Imagining yourself sharing softness and compassion in the face of strong disagreement can seem impossible but there are exemplary positive examples of this. The Black Panther’s free lunch program for the community was not only a big hit but also was seen as threatening to the government for showing a different way. Anyone in the community was welcomed to receive free lunch, there was no gatekeeping or limiting resources to those with similar values. The Black Panthers strive to put the needs of the people and community first, rather than their politic or views. That means serving the people even with disagreement. Another example is hearing the stories of Buddhist and Non-Violent Communication teacher, Kazu Haga. He shares stories of working within prisons including working with people convicted of violence (such as murder) and even prison guards. He talks about the connection and humanizing that occurs when we meet each other with compassion. As someone who doesn’t believe in punishment and is outwardly against the Prison Industrial Complex, he has had tremendous practice in holding community even those who act in harmful ways supporting systems of violence.

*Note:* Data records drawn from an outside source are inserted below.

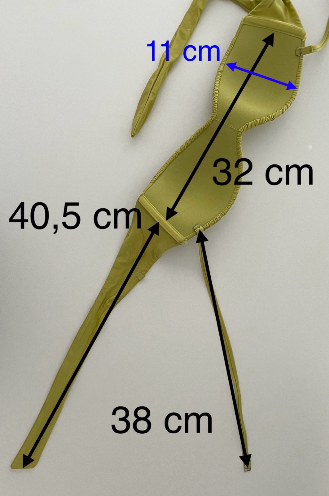 Pásový vrchný diel bikín s košíčkami s odstupňovanou výstužou, kosticami a bočnou výstužou pre lepšiu podporu. Ozdobný detail v podobe riasenia, nastaviteľné a odnímateľné ramienka, zaväzovanie vzadu na mašľu.
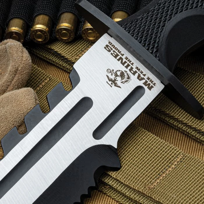 USMC Operation Mako Knife With Sheath – Stainless Steel Blade, Full-Tang, Grippy TPU Handle Scales, Sawback – Length 16 1/2”
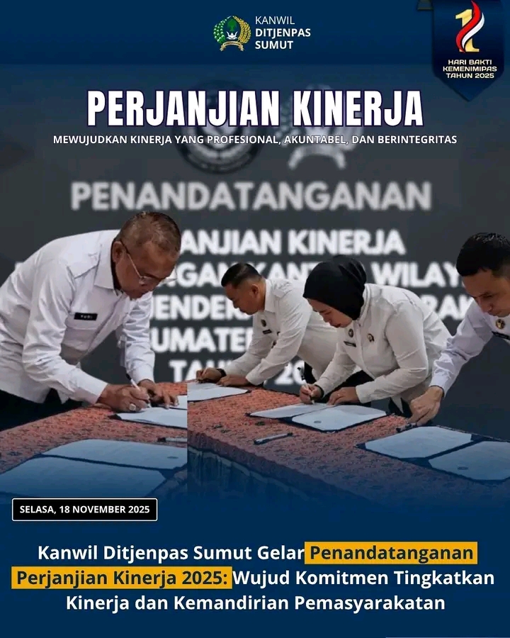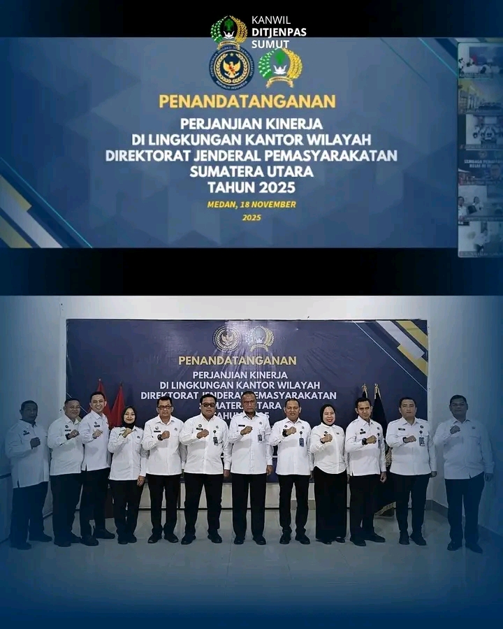TIMELINES INEWS INVESTIGASI, Medan 18 November 2025 Kantor Wilayah Direktorat Jenderal Pemasyarakatan Sumatera Utara (Kanwil Ditjenpas Sumut) menggelar Penandatanganan Perjanjian Kinerja Tahun 2025 bersama seluruh satuan kerja pemasyarakatan se-Sumatera Utara, Selasa (18/11).
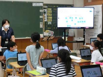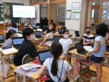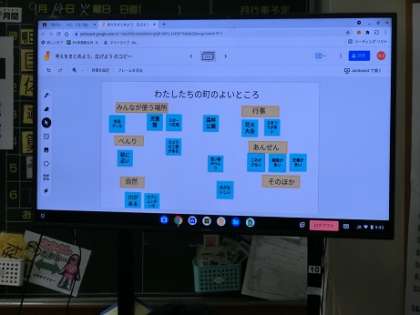 3年3組では、国語の学習で、自分たちの町のよいところを出し合っています。市民プール、児童館、スポーツ広場、おいしい水など、町のよいところをChromebookのジャムボードの付箋に書き込んだ後、みんなで使う場所、便利、自然、安全、行事などをカテゴリーにしてみんなで意見を整理していました。子供たちの考えがズレたのは、おいしい水は、安全のカテゴリーに入れるのか、それとも便利のカテゴリーに入れるのかです。それぞれの考えの子が、その理由をしっかり発言していました。
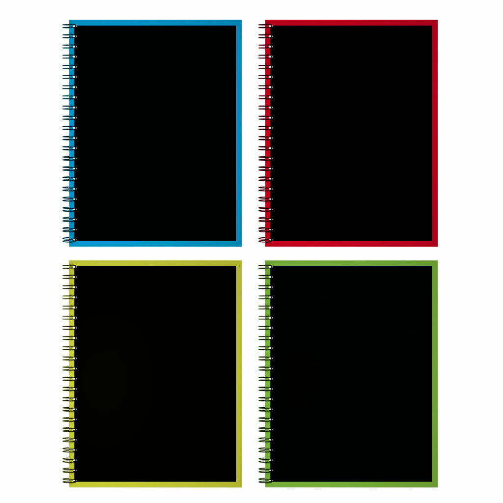 Тетрадь общая ученическая формата А4 (210х297 мм). Элегантный дизайн построен на контрасте черной внешней стороны обложки и яркой внутренней. Обложка из жесткого ламинированного картона с фактурным тиснением "лён". В блоке 120 листов в клетку. Бумага офсетная плотностью 60 г/м2. Цвет линовки - синий. Тип скрепления - спираль. Тетради одного цвета упакованы в термоусадочную пленку по 2 штуки. Товар поставляется в нескольких вариантах цвета без возможности выбора.
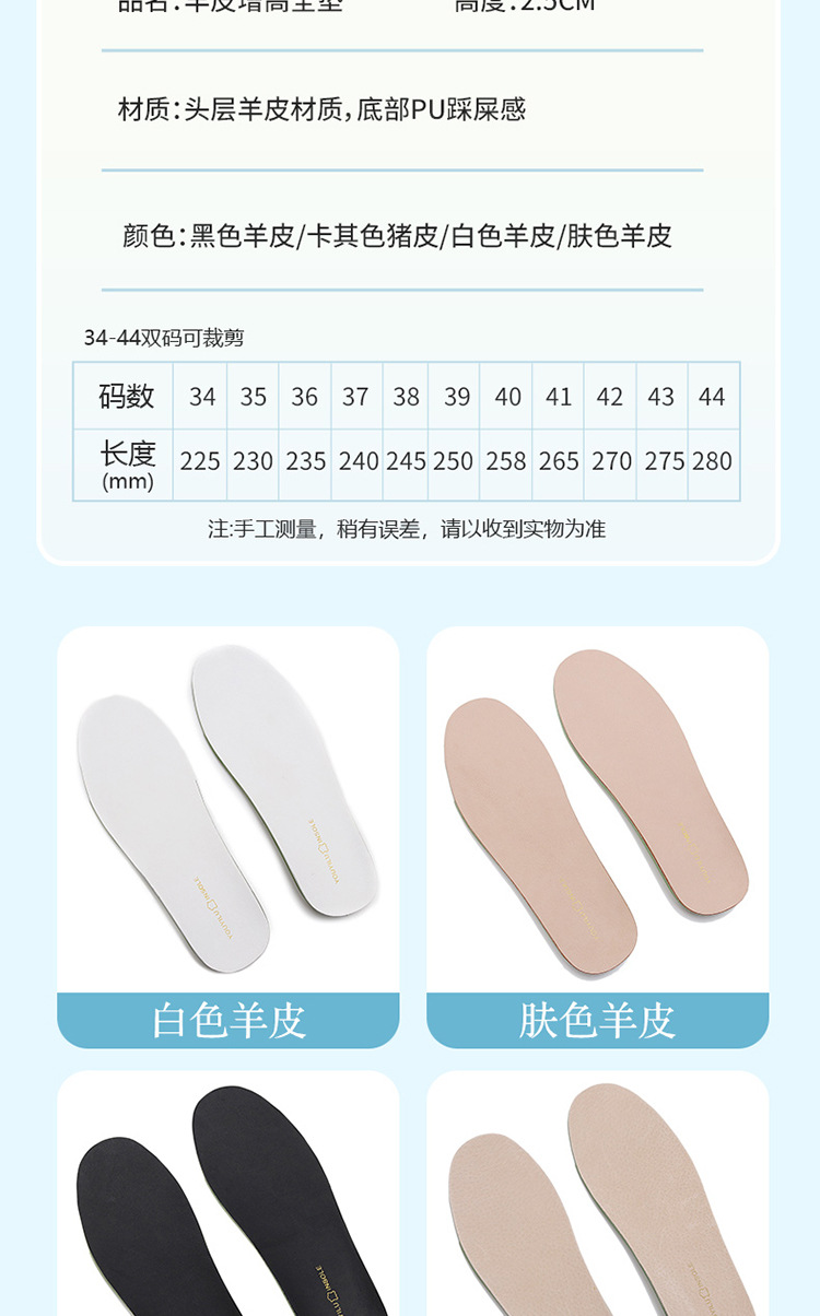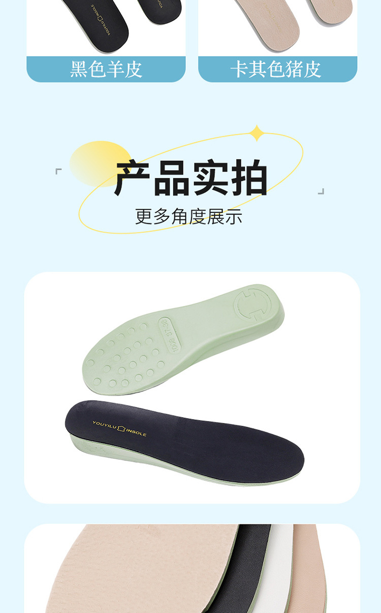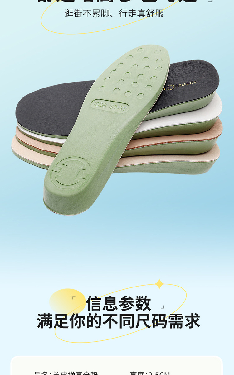 羊皮增高鞋垫男女款软底舒适增高透气加厚鞋垫运动减震羊皮增高垫
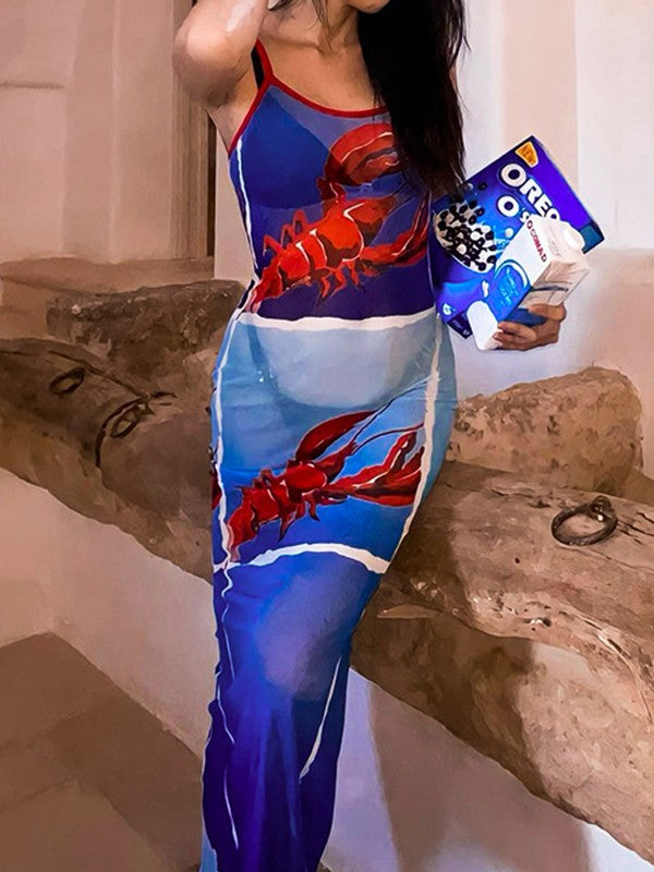 Description: This such cute dress is made from stretch soft mesh fabric. shaped to a bodycon-cut silhouette. features lobster printed design. and has lettuce edge detailing.
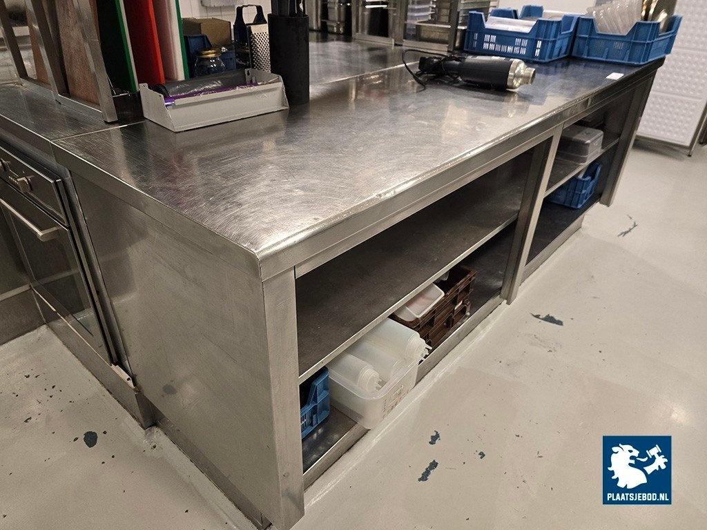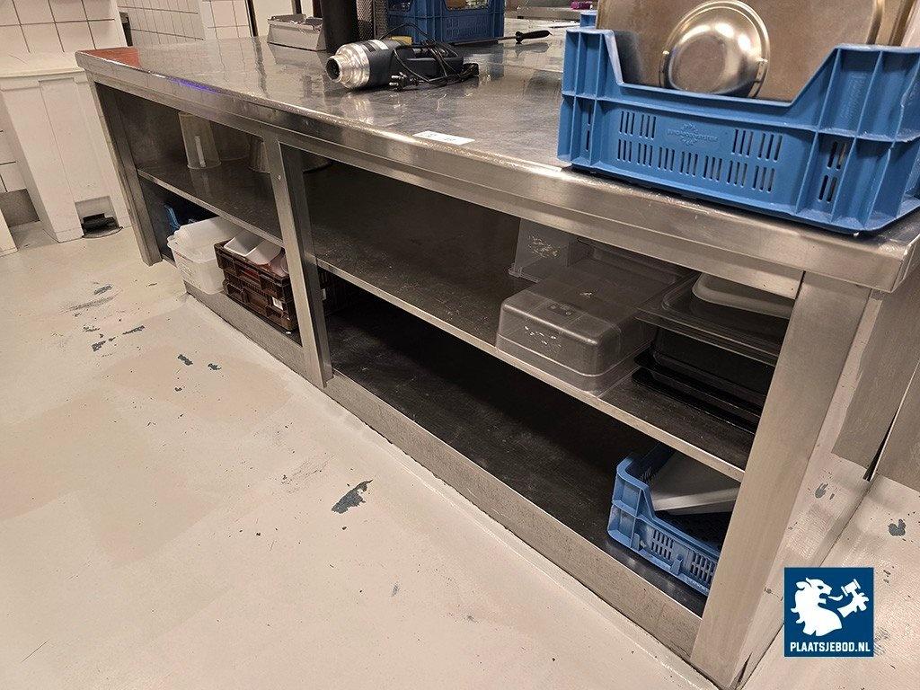 1 x RVS open werkbank, afm: 240 x 70 cm.

It can seem that I’m writing this post in a place of great clarity and skill, but I want my readers to know I am no exception in finding this practice challenging. There are times in which I have felt unheard, threatened in spaces and my protective reaction feels like the only path. Schooling another person can make us, and has made me, feel powerful in a time I felt nearly helpless. But there is another way. As a person who is invested in critical thought and the decolonial journey, I find intellectual frameworks of Social Justice and even Liberation not enough to help me create that bridge between my conditioning and my embodied self. My spiritual practice of Buddhism is my home because the cosmology of the practice feels spacious enough to hold the messiness of being alive while providing real day to day practices that are accessible.
For example, Shin Buddhism sheds light on the power of deep listening to ourselves and others. The teachings are meant to be for everyone in hopes of fostering compassion. Deep listening and compassion can be practiced in Dharma talks, learning about history, reflecting on our journey, chanting, and the everyday interactions. Our anger and desire to protect ourselves is important but let’s not forget our reactions make it impossible to engage deep listening with curiosity. Someone can be wrong and we can still hold care and reflect the value they have as a person. Someone can cause hurt and we can still hold compassion and protect our heart without disconnecting. Compassion is not only for everyone but can offer healing for anyone.